Android User Interface Design: Horizontal View Paging

By: tutsplus.com

Perhaps you’ve seen some of the new user interface features available as part of the Android compatibility package. One such feature, horizontal view paging, allows for easy left and right swipes to load different screens (pages), controlled by a single Activity. This feature has been showcased in several high profile applications like the Android Market application and the Google+ Android client.

There are a number of classes in the Android compatibility package that can be used to implement horizontal page swiping behavior in your Android packages. The ViewPager control (android.support.v4.view.ViewPager) provides the horizontal swiping behavior. It can be used within your layouts much like a Gallery or other adapter-populated user interface control would be. The PagerAdapter (android.support.v4.view.PagerAdapter) class is used to define the data displayed by the ViewPager control. Today we’ll look at a simple example of how to use these classes to provide swiping behavior.


Step 0: Getting Started

We provide the full source code for the sample application discussed in this tutorial. You can download thesample source code we provide for review.

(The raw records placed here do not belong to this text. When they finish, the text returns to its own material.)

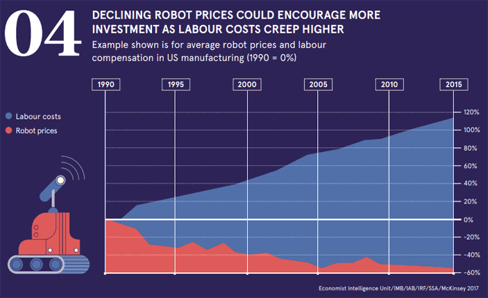 As shown in the chart below, recently published on the Racounter web site based on data from The Economist magazine, McKinsey and others, the costs of robots continue to decline, while the costs of labor march ever higher: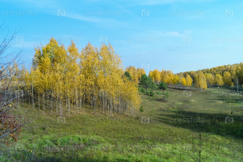 Осенний пейзаж с березой у дерева на фоне голубого неба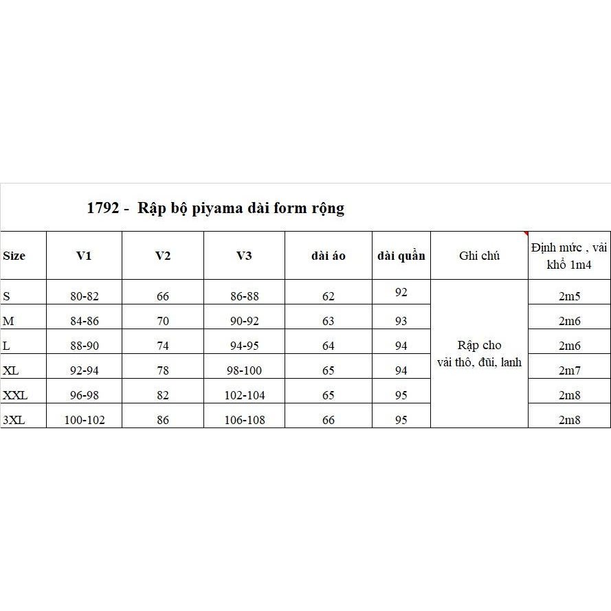Rập giấy A0 mã 1792 – Rập may bộ piyama dài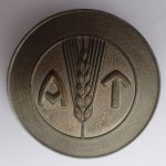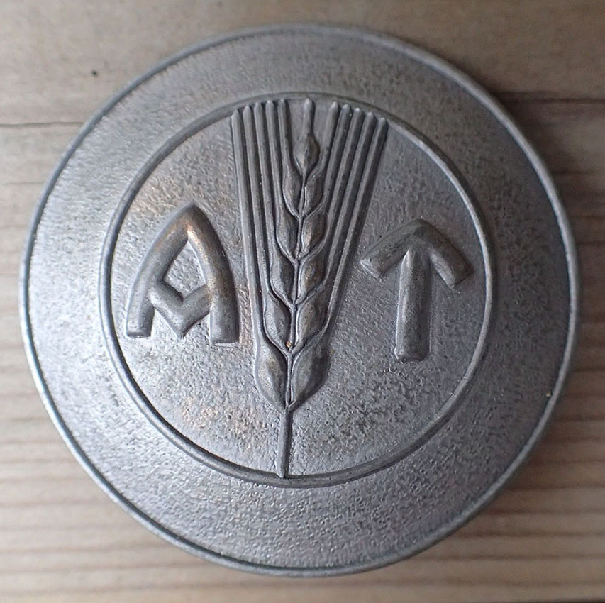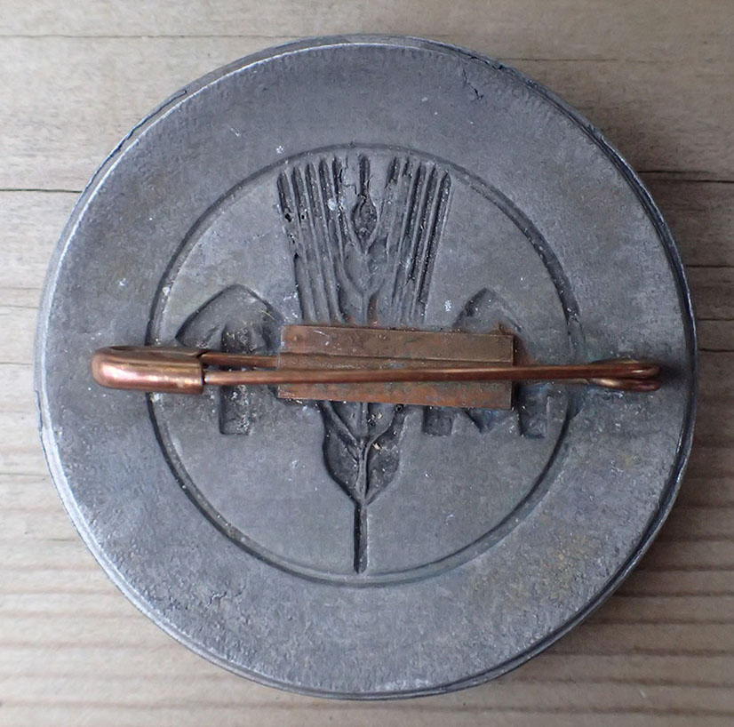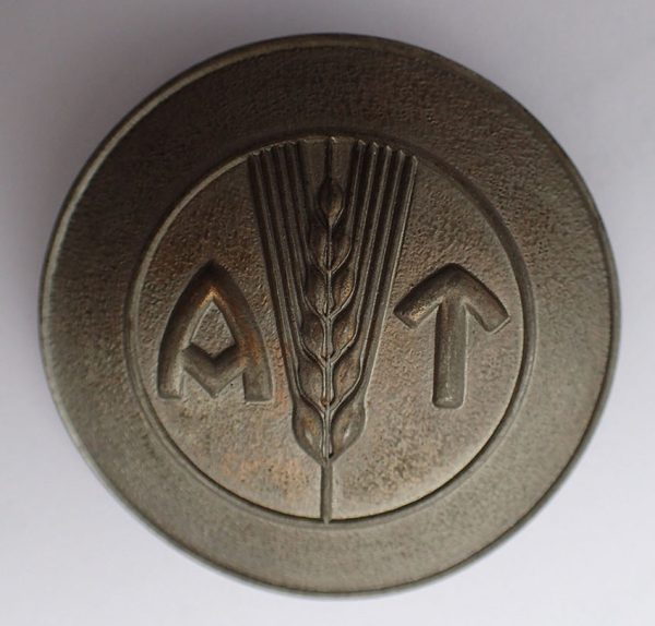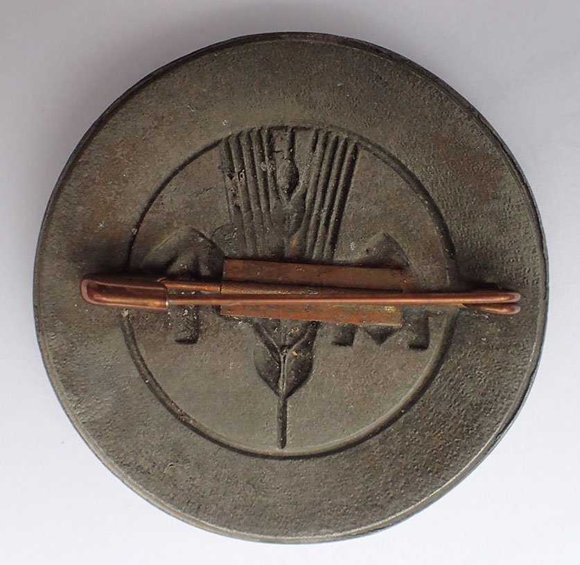 Kvinnelig AT Lagfører halsbrosje. I sink utførelse med svak rester av bronsefargen. Med fin gyllen nål påloddet.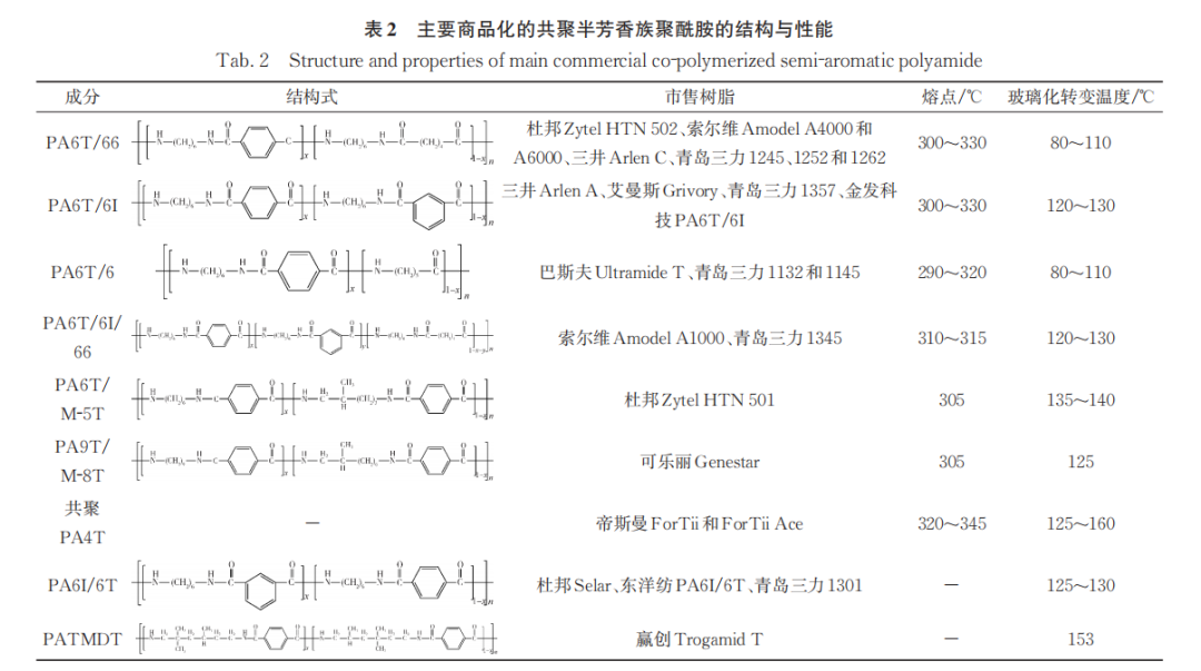 PA4T 同样由于熔点太高,需引入共聚单体降低树脂熔点。聚对苯二甲酰壬二胺(PA9T)则是因为原料二胺为混合二胺,不分离直接聚合得到PA9T共聚物。下表为主要商品化共聚半芳香族尼龙的结构与性能。

Step 1: Use the Compatibility Package

Horizontal view paging is based upon APIs only available with the Android Compatibility package v4, Revision 3; these APIs are not available in the standard Android SDK at this time. Therefore, you will need to add the Android compatibility package to your Android project to access the appropriate APIs.

To add the Android Compatibility package to your Eclipse Android project, right-click on the project in the Project Explorer. Choose Android Tools, Add Compatibility Library. You will now see the android-support-v4.jar file in your Referenced Libraries project folder. This means you have successfully added the package to your project and can now start using it.


Step 2: Define a ViewPager

Next, you’ll need to define a ViewPager control in your layout resource file. In our simple example, we update the main.xml layout resource used by our Activity class, and define a ViewPager control within that layout. This control must be referenced by its fully-qualified name: android.support.v4.view.ViewPager.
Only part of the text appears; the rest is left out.